SDXC is the next generation SD Memory Card, a new standard for storing data more than 32 GB and up to 2 terabytes. The Panasonic 64 GB SDXC Memory Card features a massive 64 GB of capacity, making it ideal for recording AVCHD High Definition video, high-resolution, or even RAW still photos. When used with Panasonic's newly-released camcorders, such as the Panasonic HDC-TM55, the 64 GB SDXC Memory Card can record up to 8 hours and 30 minutes of video, while recording in the highest video quality in HA mode. Or when recording in 1920 x 1080i in HE mode, the SDXC Memory Card can hold approximately 27 hours and 30 minutes of video. The 48 GB SDXC Memory Card will have nearly the same capacity as a dual-layer Blu-ray Disc, and can hold 6 hours and 20 minutes of HD video content recorded in HA mode and 20 hours and 20 minutes when recorded in HE mode.

With the Class 10 speed specification and maximum data transfer speed of up to 22MB/s, the new Panasonic SDXC Memory Cards allows users to enjoy superb performance when using with an HD camcorder or a digital interchangeable lens camera, such as the Panasonic LUMIX DMC-GF1, for high-speed burst shooting when taking still photos.

The 64 GB and 48 GB SDXC Memory Cards, along with other Panasonic GOLD line Memory Cards, provide longer lifetime, thanks to the adoption of Panasonic's newly-developed Super Intelligent Controller, which evolves the current Super Intelligent Controller used in the Silver line Memory Cards.

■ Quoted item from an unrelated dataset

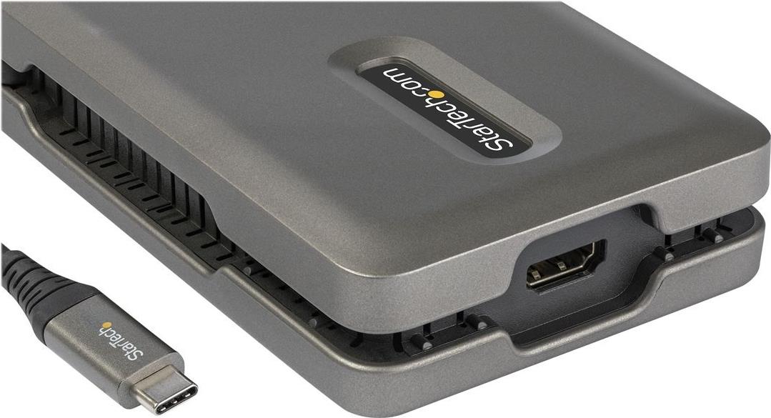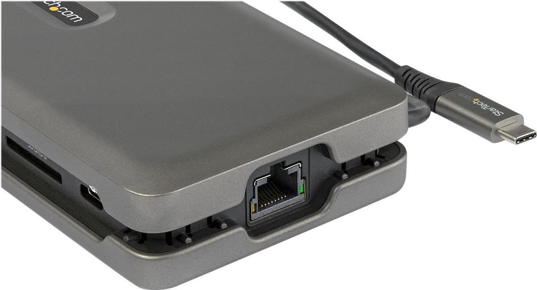 Dieser USB-C Multiport Adapter mit DP 1.4 unterstützt 4K 60Hz HDMI (HDR) und verwandelt Ihr MacBook Pro, Dell XPS oder andere USB-C Laptops oder Tablets in eine Workstation, egal wo Sie sind. Der USB Typ-C Multiport Adapter bietet einen 4k HDMI Videoausgang, zwei USB 3.1 Gen 2 Typ-A (10Gbit/s) Ports, einen SD Kartenleser und einen Gigabit Ethernet Port - alles über einen Anschluss an den USB-C oder Thunderbolt 3/4 Port Ihres Laptops. Außerdem bietet es fortschrittliches Laden über USB Power Delivery 3.0 und ein extra langes, 25 cm (10 Zoll) langes Host-Kabel für eine größere Reichweite, um mehr Flexibilität bei der Einrichtung zu bieten. USB 3.1 Gen 2 (10Gbit/s) wird auch als USB 3.1 Gen 2x1 (10Gbit/s) bezeichnet.

With the new Super Intelligent Controller, flash memories are automatically refreshed with error corrections, thus preventing data damages and providing longer lifetime.

The new SDXC Memory Cards include a new technology designed to minimize accidental corruption caused by a power interruption, such as the Memory Card being removed while data is being transferred. Panasonic's SDXC Memory Card robustness is reliable even under severe temperature condition from -13F to 185F**.